Collection entries
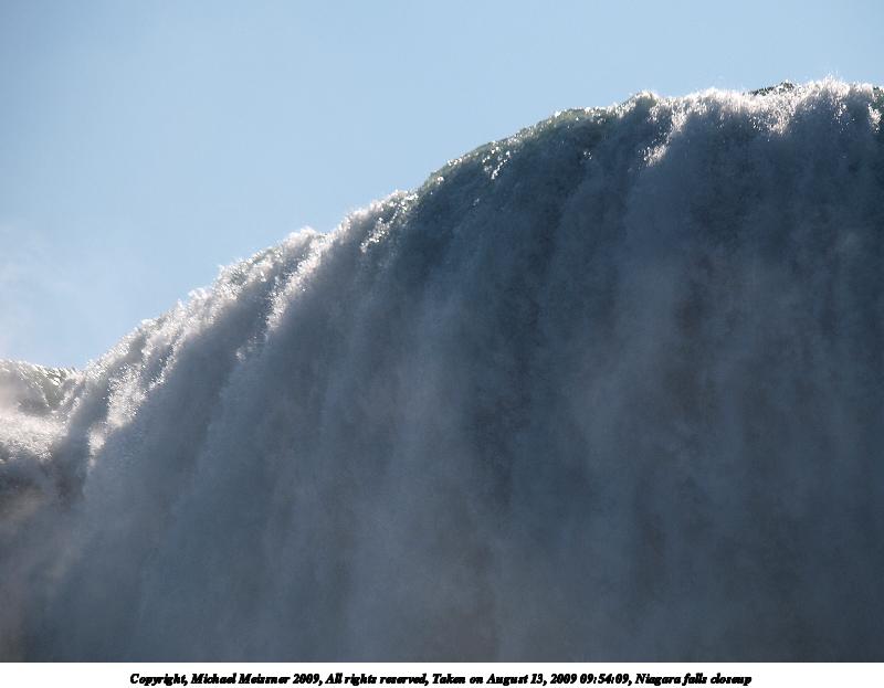 Picture #54: Niagara falls closeup 800x623, 48,910 bytes (48K), (html file) Copyright, Michael Meissner 2009, All rights reserved Olympus E-3 camera with Olympus 50-200mm f/2.8-3.5 lens f/4.5, ISO 100, 1/640 sec, 130.0mm, auto mode, natural color, auto gradation, SHQ, matrix metering, IS1 (All Direction Shake IS), noise filter low 35mm equivalent focal length 260.0mm Extra equipment used: polarizer Programs used: gimp Taken by Michael Meissner on August 13, 2009 09:54:09 Last modified on October 02, 2009 at 08:25 |
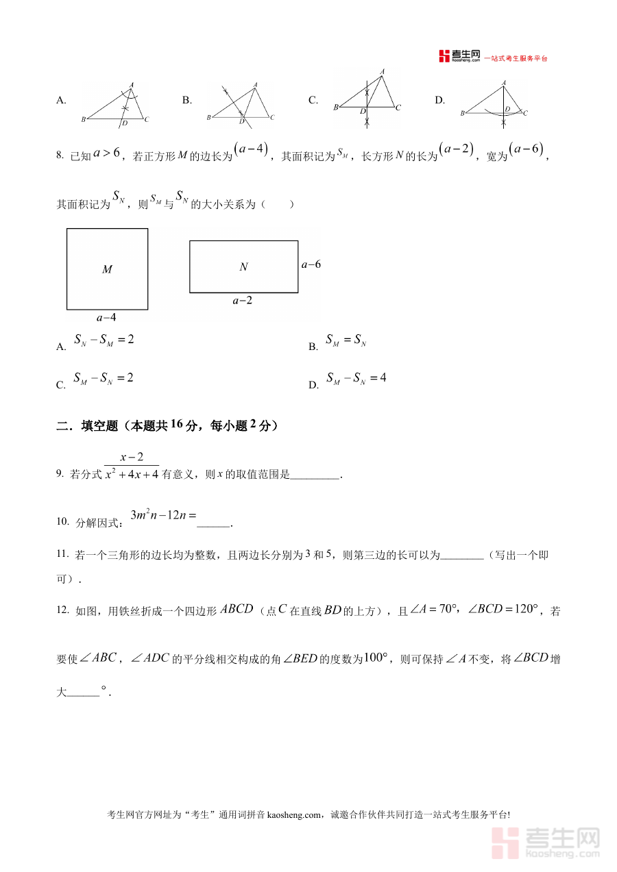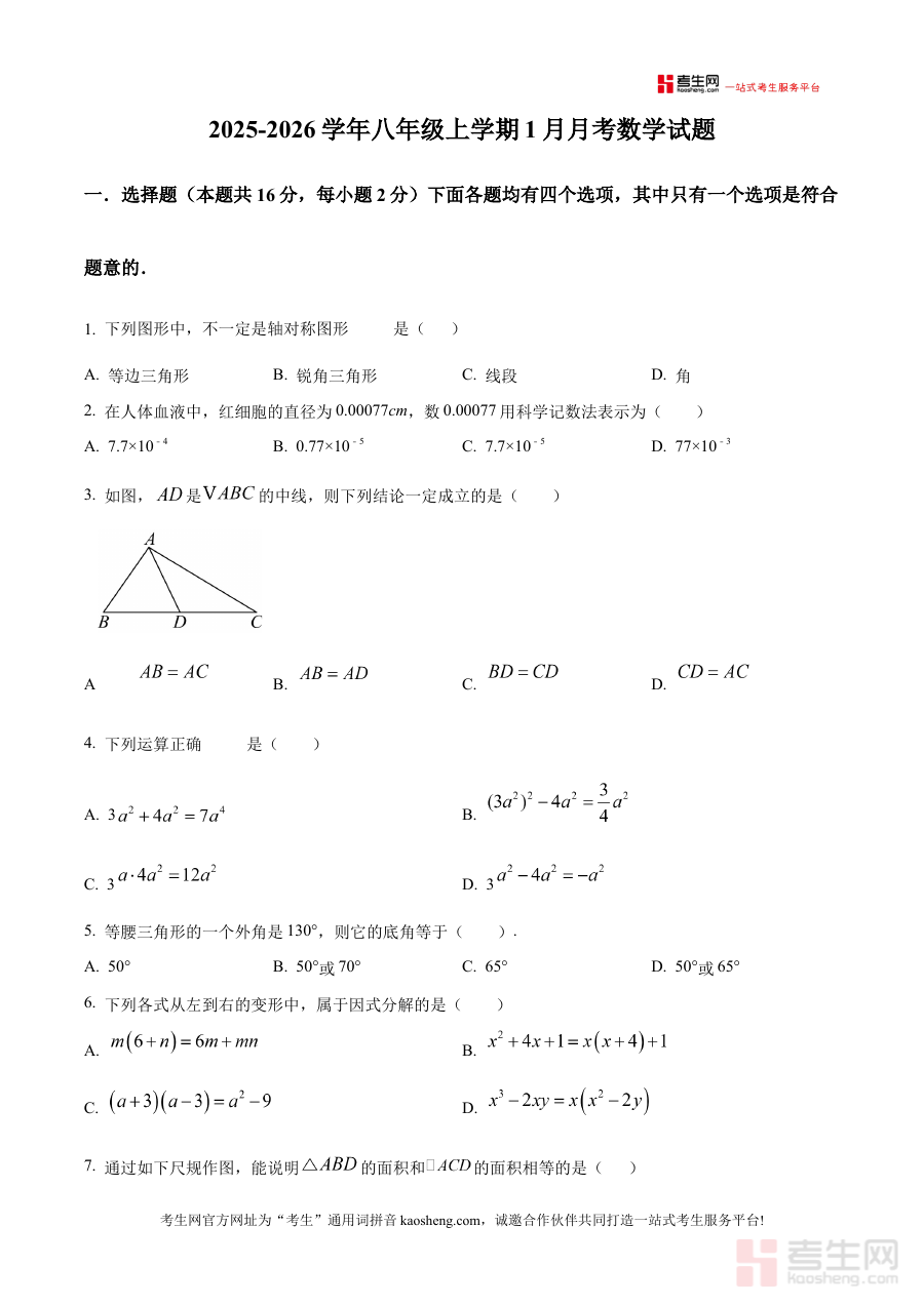 该资料作为原卷版试题,主要用于帮助使用者进行学情诊断,通过真实的自测场景还原,让使用者能够准确把握自身在八年级上学期数学学习中的知识掌握情况,为后续的备考规划提供数据支撑,同时也可作为阶段检测的参考材料,辅助教师或学生评估学习进度与效果。
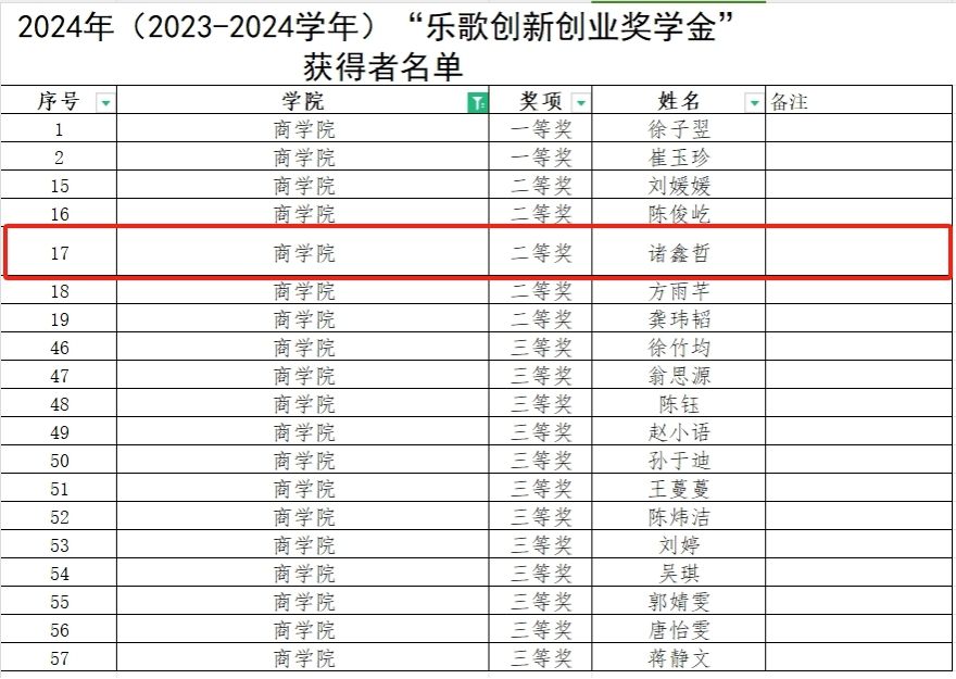 2023-2024学年校“乐歌创新创业奖学金”获得者名单公布,国际商务2022级硕士诸鑫哲荣获“乐歌创新创业奖学金”二等奖。
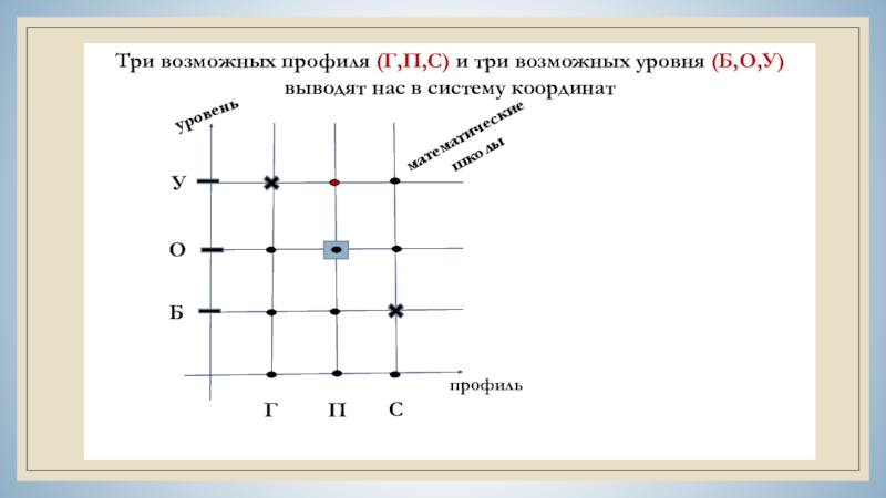 Слайд 10Три возможных профиля (Г,П,С) и три возможных уровня (Б,О,У) выводят нас
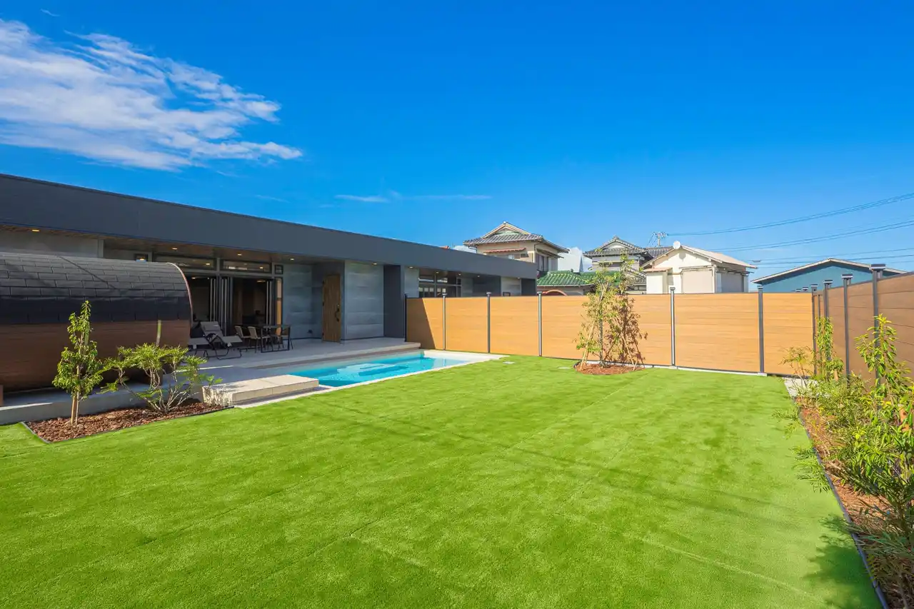 プールサイドからは、愛犬と一緒にそのまま専用ドッグランへ自由にアクセスでき、遊びたいときにすぐ楽しめる便利な動線も魅力です。 |
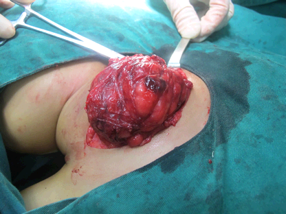 2012年11月08日成功施行了一例左颈部巨大包块切除的手术。患儿,女,4岁,因“发现左颈前肿块3年”于
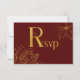 Bonita design de outono de florais de efeito de brilho dourado e texto 'Rsvp' sobre fundo burgundy. O estilo, o tamanho e a cor do texto na parte traseira da placa podem ser personalizados. NOTA: o script de efeito Dourado na frente do design é uma imagem e não pode ser editado. Muito mais designs e artigos de papelaria complementares em nossa loja
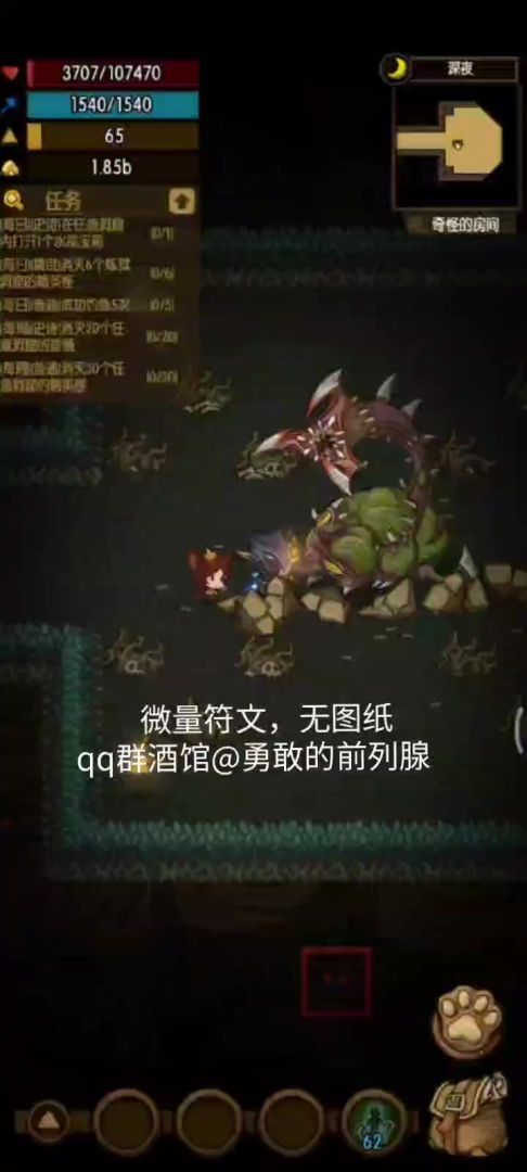 c.开局释放宠物2技能,且每隔至少18秒释放一次,有多余的技能点可以释放3技能(在开打之前脱装备再穿装备可以将回血量控制在1000左右,不影响残血的状态,效果演示见群文件“鼠公主使用技巧”)。
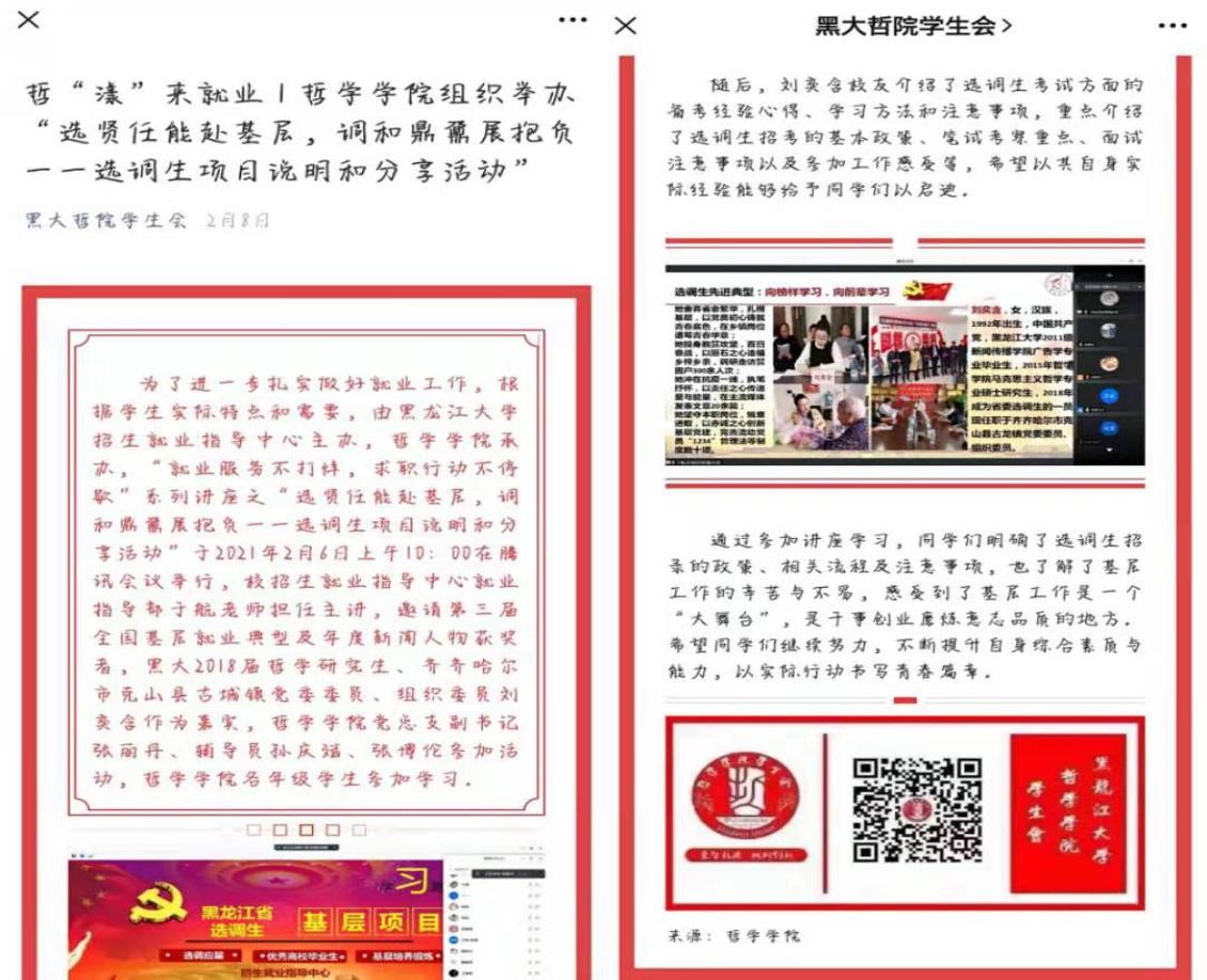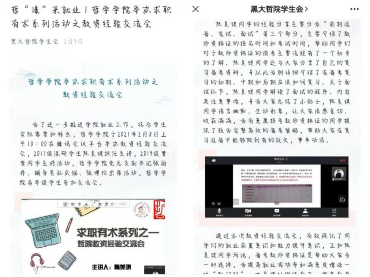 结合就业工作实际,特别邀请社会各界优秀校友,开展“选贤任能赴基层,调和鼎鼐展抱负——选调生项目说明和分享活动”、“‘就业服务不打烊,求职行动不停歇’系列之《90分钟打造HR目不转睛的简历》讲座”、“求职有术系列活动之教资经验交流会”、“基层就业项目介绍”等系列就业交流活动,开启“校友云访谈”,在线上与他们进行一次深入的沟通交流,开展线上访谈行动,并撰写访谈心得体会,听一听“过来人”的建议,聆听暖心的黑大故事,感受黑大人的成长与情怀。

● **BRIEF**
Going by the data above, the answer is exactly the lines from the one holding "プールサイドからは、愛犬と一" to the one holding "2012年11月08日成功施", both kept, with the pictures left out.

● **ANSWER FOR THE TASK**
 プールサイドからは、愛犬と一緒にそのまま専用ドッグランへ自由にアクセスでき、遊びたいときにすぐ楽しめる便利な動線も魅力です。 |
 2012年11月08日成功施行了一例左颈部巨大包块切除的手术。患儿,女,4岁,因“发现左颈前肿块3年”于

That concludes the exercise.